後來之雍在鄉間愛上了別的女子,九莉苦索仍不能挽回,於是決定切斷這段關係,在一次之雍到上海來看她時:「九莉把預備好的二兩金子拿了出來」,物歸其主,並且在此之外,還「賣掉了一隻電影劇本,又匯了筆錢給他」,還完錢的九莉像是清完帳的會計一樣,與之雍是真正的斷了關係。這一段「錢算清楚了」=「情算清楚了」讀來比蘇青的釘子更令人有深長的回味。

從字面上來譴責張愛玲愛不愛錢、勢不勢利、是否真的「少一份豐厚、少一分深沉」這樣的評論看起來像是永遠對不準靶的箭,因為要理解她的金錢論述,還需將她放回到當時現代的背景當中,和她對於「現代進程」得觀點來相互參照。

在張愛玲生活的年代,「朝不保夕」、「活於浮沫」的生活感受是很普遍的,因為這是一個「什麼東西都靠不住,一捏便粉碎了」[27]的世界,人們只好抓住他們所能抓住的,「錢」便是其中一種。

在現代交換體系中,金錢微妙地成為了衡量一切價格的標準,雖然到我們現在依舊受困於這個標準造成的問題,但不得不承認,它也消解了傳統中某些仍依賴權力或制度不可侵犯的領域,那些領域對半放小腳的女性來說,可能是一個牢籠的微小破口,透過這個破口,她們能夠享有平等和自由,並從中獲得自我實現的可能。因為有錢,娜拉走後真的可以不用墮落和回來。

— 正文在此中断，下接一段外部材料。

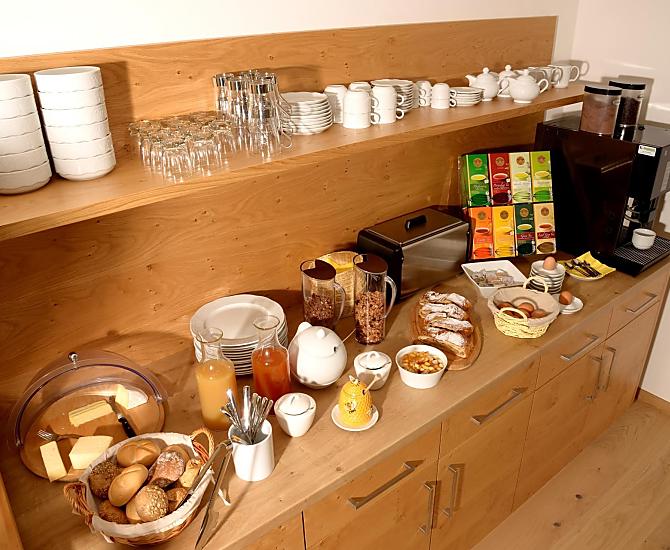 - Hofeigene Produkte beim Frühstück: Milch, Eier, Sirup, Fruchtsäfte, Trockenobst, Eingelegtes, Frisches Obst je nach Saison

但是金錢邏輯和情感邏輯間的互斥使得錢又不是那麼與人為善,再過度強調金錢邏輯的時刻往往是人成為「非人」時刻,當錢成為支配人與人關係的絕對標準時,張愛玲藉由七巧告訴我們它會把人異化成什麼樣子。二者要平衡,特別是在亂世裡平衡,並非易事。它可能需要建立在財力相當與情感力相當,並且還要在一個安定的世代中才較容易發生。

另外,我們還可以這麼補充說:張愛玲這種起因於巨大的末世陰影的對錢的渴望,通常是充滿虛無感的。那一支很有名的唇膏是一個早期證明,還是少女的她畫了一張漫畫投到大美日報晚報上,被編輯採用了,一拿到第一筆稿費,她立刻去買了一支小號的「丹琪唇膏」,這時她自己的態度和她母親的態度是個對比,她母親怪她不把稿費留著做紀念,但她說,「我不像她那麼富於情感」,「對我來說,錢就是錢,可以買到各種我所要東西」。[28]她母親希望她把錢「留作紀念」,紀念總是為著「以後」可以「據此懷念」,她母親還是個有著未來期盼的人。

然而對張愛玲來說,這種做法是太多過多情,她拒絕讓這筆錢承載未到的未來紀念任務,而採取了「錢就是錢」,把它花掉換到自己「當下」想要的東西。不為未來作準備,將所有資源在能夠運用的時候盡情運用,這是沒有明天的人的做法,張愛玲的母親是五四一代人,她和她母親雖然只隔二十多年,但已經是兩種人了。王德威說:「張是寫實主義的高手,生活中的點滴細節,手到擒來,無不能化腐朽為神奇。但這種對物質世界的依偎愛戀,其實建築在相當虛無的生命反思上」[29],實是卻論,值得我們細細咀嚼。

 

 

註解:

[1]劉紹銘,〈緣起〉,劉紹銘、梁秉鈞、許子東編《再讀張愛玲》(香港:牛津大學出版社,2002),頁xii。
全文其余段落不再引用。